One unique feature demonstrated in Q3 was the ability of the Uncle John to simply detach
and move away during rough weather, at times riding through 35 to 45 foot waves. Customer
expectations were far exceeded as the vessel proved to be an outstanding
"Flotel" for deepwater development.
- Osiris: Elf Aquitaine awarded CDI a project to lay 20,000 feet of 8 inch pipe and
a control umbilical from a platform to a subsea tree in Viosca Knoll 944 on the edge of
the Outer Continental Shelf (OCS). Cal Dive subcontracted the Gulf Horizon to lay the pipe
and perform the "J" tube pull. Cal Dive vessels Balmoral Sea and Merlin handled
the tie-in of the 8 inch line and umbilical at the subsea tree and seven pipeline
crossings using a combination of saturation diving and robotic support. The low cost basis
of our DP fleet enables the vessels to "backup" and work effectively on the
"Shelf".
- Terra Nova: On August 29, the Terra Nova Alliance decided to suspend 1998
operations citing two hurricanes coming up the North Atlantic coast and concerns about the
lack of progress in the dredging of "Glory Holes". As a result, CDI basically
broke even on third quarter activity. To improve performance next year, Cal Dive has
offered to implement portions of the Sea Sorceress conversion program which will improve
the vessel's station keeping ability and to deploy one of our DP vessels to Canada. With
the Sea Sorceress becoming available, the vessel was engaged in October to salvage the
wreckage of Swissair Flight 111. About 90% of the plane remained to be recovered and the
pending onset of winter weather added a note of urgency to complete salvage operations
before the plane debris was permanently scattered.
- Salvage Operations: Operations of our most weather susceptible vessel, the Cal
Dive Barge I, were curtailed while still incurring fixed third party costs for chartered
tugs and material barges. In addition, several key Energy Resource Technology wells
remained offline as workover operations were delayed first by a lack of available
equipment and then by weather. As a result, combined gross profit of the two salvage
activities was only 14% in Q3. On a positive note, we can confirm that the credit spigot
that has funded the many small companies acquiring mature properties has been shut off;
i.e., in the last 30 days a flood of buying opportunities have been presented to ERT.
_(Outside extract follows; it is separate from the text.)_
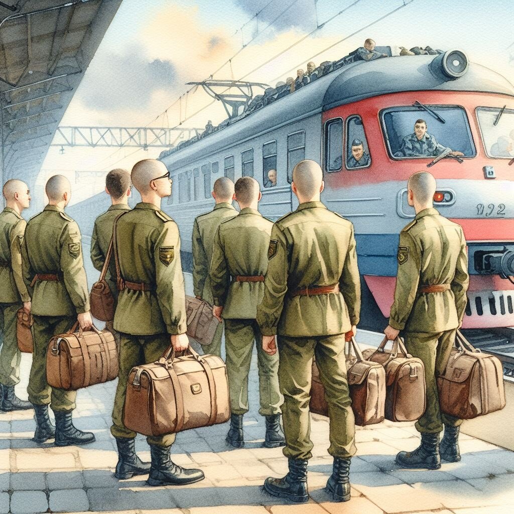 Холодный ветер хлестал по лицу, пробираясь сквозь тонкую куртку. Артем сжимал в руке потёртый рюкзак, его сердце стучало в такт стуку колес поезда, уносящего его из привычного мира. Ещё вчера он сидел в тёплой комнате, укутанный пледом, слушая рассказы о далёких странах и невероятных приключениях. Звёздная пыль оседала на его сапоги, а в голове вились мечты о подвигах и славе. Но сегодня всё было иначе. Серый рассвет окрасил небо в холодные тона, а впереди маячила неизвестность. На рукаве его куртки красовался нашитый ромб с цифрой - его группа крови, его порядковый номер. Артем не хотел войны. Он мечтал о мирной жизни, о тихом семейном счастье. Но судьба распорядилась иначе. В вагоне поезда он был не один. Десятки молодых парней, таких же растерянных и испуганных, ехали навстречу своей судьбе. В их глазах читался страх, но и решимость. Они знали, что впереди их ждёт бой, возможно, последний. Артем стиснул зубы. Он не хотел умирать, но готов был защищать свою Родину, свой дом, свою лю

- Outer Continental Shelf: The third quarter marked the demise of a longtime
competitor, American Oilfield Divers (a.k.a. Ceanic). For a better part of two decades,
Cal Dive and AOD went at each other in a fashion reminiscent of the boxing matches between
Mohammed Ali and Smokin' Joe Frasier. The acquisition of Ceanic has created a void in the
shallow water market (i.e., from the shore to 300') which Sonny Freeman and his Aquatica
team have moved aggressively to fill. Another OCS change evident this construction season
involves the sale of J Ray McDermott barges that operate in the shallow to mid-water Gulf
of Mexico to Horizon Offshore. McDermott has been our largest customer each year in the
past decade, typically representing 20% of revenues. That 20% position has now been
replaced by three customers (Chevron, Shell and Horizon), making for a broader customer
base.
Respectfully Submitted,
Owen E. Kratz
Chief Executive Officer |
S. James Nelson, Jr.
Executive Vice President |
Forward looking statements and assumptions in
this report and press release that are not statements of historical fact involve risks and
assumptions that could cause actual results to vary materially from those predicted,
including among other things, unexpected delays and operational issues associated with
turnkey projects, the price of crude oil and natural gas, weather conditions in offshore
markets, change in site conditions, and capital expenditures by customers. The Company
strongly encourages readers to note that some or all of the assumptions upon which such
forward looking statements are based are beyond the Company's ability to control or
estimate precisely and may in some cases be subject to rapid and material change.